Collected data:
•••••

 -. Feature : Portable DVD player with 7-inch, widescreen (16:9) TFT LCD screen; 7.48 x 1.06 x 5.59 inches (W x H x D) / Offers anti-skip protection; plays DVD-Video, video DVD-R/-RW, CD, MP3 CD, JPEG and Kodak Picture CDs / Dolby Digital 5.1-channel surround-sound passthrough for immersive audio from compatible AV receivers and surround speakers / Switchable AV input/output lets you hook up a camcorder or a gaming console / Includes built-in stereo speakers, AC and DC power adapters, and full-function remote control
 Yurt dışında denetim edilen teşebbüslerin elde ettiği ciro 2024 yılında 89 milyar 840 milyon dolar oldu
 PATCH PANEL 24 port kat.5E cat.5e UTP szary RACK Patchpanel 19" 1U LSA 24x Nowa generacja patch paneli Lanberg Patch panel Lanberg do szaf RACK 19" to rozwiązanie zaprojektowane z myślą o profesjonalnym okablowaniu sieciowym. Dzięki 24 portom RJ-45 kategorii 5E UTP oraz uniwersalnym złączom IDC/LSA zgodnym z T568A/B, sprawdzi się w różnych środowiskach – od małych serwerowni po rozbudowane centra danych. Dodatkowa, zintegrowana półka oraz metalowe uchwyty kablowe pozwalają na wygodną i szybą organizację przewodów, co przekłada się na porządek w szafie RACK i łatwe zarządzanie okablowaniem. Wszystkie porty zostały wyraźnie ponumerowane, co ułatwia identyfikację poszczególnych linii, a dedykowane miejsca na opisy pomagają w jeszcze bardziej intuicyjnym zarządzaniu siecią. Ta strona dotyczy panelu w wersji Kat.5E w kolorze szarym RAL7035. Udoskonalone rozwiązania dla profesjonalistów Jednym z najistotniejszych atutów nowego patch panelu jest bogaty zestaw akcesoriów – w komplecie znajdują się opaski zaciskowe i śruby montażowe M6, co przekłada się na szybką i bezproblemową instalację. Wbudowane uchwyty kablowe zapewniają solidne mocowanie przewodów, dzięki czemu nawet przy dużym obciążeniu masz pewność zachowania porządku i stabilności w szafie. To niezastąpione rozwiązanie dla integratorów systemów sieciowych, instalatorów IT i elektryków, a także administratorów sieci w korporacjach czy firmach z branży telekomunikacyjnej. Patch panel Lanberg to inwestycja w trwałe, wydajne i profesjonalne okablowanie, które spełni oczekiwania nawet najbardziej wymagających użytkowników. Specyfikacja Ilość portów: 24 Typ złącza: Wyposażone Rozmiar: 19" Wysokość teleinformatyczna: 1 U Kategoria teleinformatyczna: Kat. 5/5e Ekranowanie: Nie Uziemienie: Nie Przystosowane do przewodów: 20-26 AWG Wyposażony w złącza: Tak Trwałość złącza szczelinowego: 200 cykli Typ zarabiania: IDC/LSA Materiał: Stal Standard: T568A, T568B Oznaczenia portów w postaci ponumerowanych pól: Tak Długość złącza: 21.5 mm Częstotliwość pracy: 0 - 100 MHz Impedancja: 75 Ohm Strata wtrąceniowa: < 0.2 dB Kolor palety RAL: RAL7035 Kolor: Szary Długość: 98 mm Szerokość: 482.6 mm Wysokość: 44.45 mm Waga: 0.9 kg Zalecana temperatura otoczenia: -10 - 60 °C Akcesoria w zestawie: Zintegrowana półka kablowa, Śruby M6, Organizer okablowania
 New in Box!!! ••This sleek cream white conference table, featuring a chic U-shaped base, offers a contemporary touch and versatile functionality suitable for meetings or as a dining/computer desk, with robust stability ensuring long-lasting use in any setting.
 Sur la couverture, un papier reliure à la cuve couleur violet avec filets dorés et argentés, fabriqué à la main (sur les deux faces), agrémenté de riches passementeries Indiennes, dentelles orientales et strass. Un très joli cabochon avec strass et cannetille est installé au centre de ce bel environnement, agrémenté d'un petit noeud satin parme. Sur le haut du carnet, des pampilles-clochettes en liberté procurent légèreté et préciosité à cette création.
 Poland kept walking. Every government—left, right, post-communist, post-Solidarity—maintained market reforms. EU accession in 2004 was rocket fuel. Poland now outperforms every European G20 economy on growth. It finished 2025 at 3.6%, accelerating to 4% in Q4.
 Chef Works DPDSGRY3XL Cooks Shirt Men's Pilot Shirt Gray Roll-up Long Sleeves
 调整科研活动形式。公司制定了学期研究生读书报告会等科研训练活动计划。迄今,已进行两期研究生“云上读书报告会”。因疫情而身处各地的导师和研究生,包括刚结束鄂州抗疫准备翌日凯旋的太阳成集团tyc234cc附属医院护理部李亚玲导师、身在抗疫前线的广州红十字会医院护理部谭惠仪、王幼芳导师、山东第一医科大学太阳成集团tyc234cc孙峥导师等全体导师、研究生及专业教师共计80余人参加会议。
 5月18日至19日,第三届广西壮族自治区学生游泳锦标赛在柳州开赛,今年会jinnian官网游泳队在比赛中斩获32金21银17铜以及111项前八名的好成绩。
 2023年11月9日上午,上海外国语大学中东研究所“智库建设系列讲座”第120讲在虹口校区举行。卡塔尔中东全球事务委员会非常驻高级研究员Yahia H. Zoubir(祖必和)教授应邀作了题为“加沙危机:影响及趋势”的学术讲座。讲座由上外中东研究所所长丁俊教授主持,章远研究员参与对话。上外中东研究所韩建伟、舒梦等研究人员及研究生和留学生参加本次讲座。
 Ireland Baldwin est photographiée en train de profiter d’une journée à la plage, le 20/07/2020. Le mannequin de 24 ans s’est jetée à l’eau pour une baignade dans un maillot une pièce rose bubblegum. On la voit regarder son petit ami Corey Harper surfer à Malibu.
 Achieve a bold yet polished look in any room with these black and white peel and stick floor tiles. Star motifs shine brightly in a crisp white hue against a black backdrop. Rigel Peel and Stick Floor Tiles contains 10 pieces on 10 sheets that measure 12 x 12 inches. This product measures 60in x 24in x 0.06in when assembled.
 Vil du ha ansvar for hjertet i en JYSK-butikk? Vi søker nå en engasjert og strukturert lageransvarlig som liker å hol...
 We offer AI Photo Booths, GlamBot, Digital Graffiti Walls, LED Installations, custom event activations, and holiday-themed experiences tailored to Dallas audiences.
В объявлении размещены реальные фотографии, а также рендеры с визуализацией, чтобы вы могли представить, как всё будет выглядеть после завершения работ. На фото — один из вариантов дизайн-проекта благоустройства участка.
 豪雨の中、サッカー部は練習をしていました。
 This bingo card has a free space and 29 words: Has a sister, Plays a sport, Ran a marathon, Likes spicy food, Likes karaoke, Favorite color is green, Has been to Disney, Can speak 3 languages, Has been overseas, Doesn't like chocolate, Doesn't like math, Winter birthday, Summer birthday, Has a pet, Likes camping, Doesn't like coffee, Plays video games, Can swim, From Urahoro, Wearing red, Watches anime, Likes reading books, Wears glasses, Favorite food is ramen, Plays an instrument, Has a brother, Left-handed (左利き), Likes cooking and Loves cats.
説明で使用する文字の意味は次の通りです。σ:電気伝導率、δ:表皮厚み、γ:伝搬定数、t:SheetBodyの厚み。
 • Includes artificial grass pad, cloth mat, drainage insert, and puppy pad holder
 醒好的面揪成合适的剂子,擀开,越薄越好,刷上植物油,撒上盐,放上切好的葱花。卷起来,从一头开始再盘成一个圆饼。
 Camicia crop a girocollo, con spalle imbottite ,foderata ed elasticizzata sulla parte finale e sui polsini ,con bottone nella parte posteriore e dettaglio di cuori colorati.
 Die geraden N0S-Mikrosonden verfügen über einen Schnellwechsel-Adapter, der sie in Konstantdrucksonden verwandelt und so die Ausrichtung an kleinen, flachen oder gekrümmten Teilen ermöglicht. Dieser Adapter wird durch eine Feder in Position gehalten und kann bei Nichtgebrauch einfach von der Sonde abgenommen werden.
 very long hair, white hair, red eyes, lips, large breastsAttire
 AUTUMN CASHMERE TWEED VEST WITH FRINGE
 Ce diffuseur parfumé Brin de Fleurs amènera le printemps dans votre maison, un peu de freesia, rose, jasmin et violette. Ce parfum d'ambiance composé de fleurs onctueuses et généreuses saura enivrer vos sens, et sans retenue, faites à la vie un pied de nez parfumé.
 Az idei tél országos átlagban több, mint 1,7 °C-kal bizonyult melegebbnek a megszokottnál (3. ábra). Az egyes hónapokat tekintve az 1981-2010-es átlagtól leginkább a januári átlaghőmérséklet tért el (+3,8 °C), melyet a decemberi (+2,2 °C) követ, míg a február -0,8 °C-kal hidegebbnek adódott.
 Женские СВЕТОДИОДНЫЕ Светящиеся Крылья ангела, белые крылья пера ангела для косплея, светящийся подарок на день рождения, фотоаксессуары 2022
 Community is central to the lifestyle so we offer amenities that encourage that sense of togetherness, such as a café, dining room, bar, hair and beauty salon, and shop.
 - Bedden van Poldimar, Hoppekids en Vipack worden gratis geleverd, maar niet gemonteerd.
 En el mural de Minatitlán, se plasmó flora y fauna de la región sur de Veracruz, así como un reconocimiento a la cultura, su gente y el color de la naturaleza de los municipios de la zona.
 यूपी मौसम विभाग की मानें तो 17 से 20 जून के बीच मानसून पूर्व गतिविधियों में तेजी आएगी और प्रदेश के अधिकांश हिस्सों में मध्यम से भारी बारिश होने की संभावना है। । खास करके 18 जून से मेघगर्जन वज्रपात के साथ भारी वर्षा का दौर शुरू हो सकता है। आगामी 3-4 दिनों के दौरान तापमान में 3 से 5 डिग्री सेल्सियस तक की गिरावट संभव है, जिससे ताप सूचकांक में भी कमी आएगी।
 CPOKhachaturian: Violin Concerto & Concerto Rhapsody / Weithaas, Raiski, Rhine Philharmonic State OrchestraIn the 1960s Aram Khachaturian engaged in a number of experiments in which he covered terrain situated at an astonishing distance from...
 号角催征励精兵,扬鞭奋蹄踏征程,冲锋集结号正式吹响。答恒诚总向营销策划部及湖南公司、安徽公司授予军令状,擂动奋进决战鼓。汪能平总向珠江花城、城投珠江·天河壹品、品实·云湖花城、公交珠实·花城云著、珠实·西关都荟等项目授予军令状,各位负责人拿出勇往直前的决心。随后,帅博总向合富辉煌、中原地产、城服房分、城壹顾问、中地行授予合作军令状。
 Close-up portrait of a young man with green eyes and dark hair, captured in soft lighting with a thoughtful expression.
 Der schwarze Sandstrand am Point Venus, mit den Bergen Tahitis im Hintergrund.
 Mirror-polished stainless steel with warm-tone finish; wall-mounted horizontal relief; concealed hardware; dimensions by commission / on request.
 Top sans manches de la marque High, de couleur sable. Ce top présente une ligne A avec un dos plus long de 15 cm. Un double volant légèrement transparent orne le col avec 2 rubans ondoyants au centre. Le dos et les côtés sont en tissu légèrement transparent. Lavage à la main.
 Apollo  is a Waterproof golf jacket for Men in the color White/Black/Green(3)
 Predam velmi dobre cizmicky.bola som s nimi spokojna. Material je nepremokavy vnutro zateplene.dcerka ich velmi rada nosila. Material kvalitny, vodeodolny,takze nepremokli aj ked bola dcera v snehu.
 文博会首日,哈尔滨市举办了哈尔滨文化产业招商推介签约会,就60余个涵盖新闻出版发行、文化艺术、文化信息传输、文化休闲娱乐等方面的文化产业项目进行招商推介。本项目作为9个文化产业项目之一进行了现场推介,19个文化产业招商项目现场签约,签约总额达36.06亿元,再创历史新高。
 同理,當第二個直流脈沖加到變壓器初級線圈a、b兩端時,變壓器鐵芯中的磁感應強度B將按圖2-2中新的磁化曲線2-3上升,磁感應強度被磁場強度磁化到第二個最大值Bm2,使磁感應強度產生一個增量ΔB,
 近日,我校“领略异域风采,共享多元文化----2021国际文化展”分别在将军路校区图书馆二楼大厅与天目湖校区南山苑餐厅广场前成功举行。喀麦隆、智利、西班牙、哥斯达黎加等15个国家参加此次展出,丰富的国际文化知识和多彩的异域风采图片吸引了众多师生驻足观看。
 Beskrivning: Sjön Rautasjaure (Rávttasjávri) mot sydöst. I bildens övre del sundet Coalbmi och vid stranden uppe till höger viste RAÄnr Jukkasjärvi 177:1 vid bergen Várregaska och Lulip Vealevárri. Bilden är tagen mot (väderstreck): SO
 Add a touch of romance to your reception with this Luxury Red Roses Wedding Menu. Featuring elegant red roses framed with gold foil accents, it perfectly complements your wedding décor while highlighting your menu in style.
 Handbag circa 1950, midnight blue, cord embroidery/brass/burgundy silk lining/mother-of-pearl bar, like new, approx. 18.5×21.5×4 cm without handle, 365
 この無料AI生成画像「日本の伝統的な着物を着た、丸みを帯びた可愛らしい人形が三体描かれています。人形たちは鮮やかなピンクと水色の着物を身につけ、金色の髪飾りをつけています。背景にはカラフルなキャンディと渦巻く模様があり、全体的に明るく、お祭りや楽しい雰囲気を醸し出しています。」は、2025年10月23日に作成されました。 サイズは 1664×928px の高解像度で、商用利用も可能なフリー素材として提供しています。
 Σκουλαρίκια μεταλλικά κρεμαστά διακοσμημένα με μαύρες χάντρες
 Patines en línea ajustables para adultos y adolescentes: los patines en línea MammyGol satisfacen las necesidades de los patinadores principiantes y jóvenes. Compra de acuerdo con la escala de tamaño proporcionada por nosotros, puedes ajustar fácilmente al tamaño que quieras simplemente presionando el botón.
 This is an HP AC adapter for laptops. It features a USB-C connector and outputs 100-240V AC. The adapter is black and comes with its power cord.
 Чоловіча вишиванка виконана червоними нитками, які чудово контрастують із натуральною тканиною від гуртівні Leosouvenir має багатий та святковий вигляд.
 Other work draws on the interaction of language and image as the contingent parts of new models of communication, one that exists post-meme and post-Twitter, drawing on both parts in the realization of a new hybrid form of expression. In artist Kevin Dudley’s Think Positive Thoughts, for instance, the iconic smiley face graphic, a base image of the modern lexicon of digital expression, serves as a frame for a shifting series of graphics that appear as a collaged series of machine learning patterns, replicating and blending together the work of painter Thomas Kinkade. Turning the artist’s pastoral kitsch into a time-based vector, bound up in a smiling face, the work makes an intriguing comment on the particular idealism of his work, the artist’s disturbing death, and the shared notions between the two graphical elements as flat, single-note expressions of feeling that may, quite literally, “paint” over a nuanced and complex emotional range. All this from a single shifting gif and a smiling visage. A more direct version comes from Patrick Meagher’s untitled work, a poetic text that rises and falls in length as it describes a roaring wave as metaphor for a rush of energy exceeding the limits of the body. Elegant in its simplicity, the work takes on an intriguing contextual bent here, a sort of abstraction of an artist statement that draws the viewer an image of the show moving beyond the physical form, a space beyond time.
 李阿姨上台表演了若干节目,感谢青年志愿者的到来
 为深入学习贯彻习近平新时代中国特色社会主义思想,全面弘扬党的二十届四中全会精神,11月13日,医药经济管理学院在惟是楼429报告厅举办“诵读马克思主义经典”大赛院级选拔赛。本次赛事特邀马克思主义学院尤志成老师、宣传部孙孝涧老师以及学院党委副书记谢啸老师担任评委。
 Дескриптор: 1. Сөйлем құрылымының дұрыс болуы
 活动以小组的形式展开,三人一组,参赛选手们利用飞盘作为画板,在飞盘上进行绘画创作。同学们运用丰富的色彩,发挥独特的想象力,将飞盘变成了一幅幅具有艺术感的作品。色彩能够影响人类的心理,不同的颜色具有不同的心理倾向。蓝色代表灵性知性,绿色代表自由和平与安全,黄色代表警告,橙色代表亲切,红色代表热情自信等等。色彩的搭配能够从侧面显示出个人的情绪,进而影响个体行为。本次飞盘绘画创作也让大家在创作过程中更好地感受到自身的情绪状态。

•••••

▸ WHAT YOU WILL DO
The lines that mention the word "petit" should be pulled from the records above.

▸ ANSWER FOR THE TASK
 Sur la couverture, un papier reliure à la cuve couleur violet avec filets dorés et argentés, fabriqué à la main (sur les deux faces), agrémenté de riches passementeries Indiennes, dentelles orientales et strass. Un très joli cabochon avec strass et cannetille est installé au centre de ce bel environnement, agrémenté d'un petit noeud satin parme. Sur le haut du carnet, des pampilles-clochettes en liberté procurent légèreté et préciosité à cette création.
 Ireland Baldwin est photographiée en train de profiter d’une journée à la plage, le 20/07/2020. Le mannequin de 24 ans s’est jetée à l’eau pour une baignade dans un maillot une pièce rose bubblegum. On la voit regarder son petit ami Corey Harper surfer à Malibu.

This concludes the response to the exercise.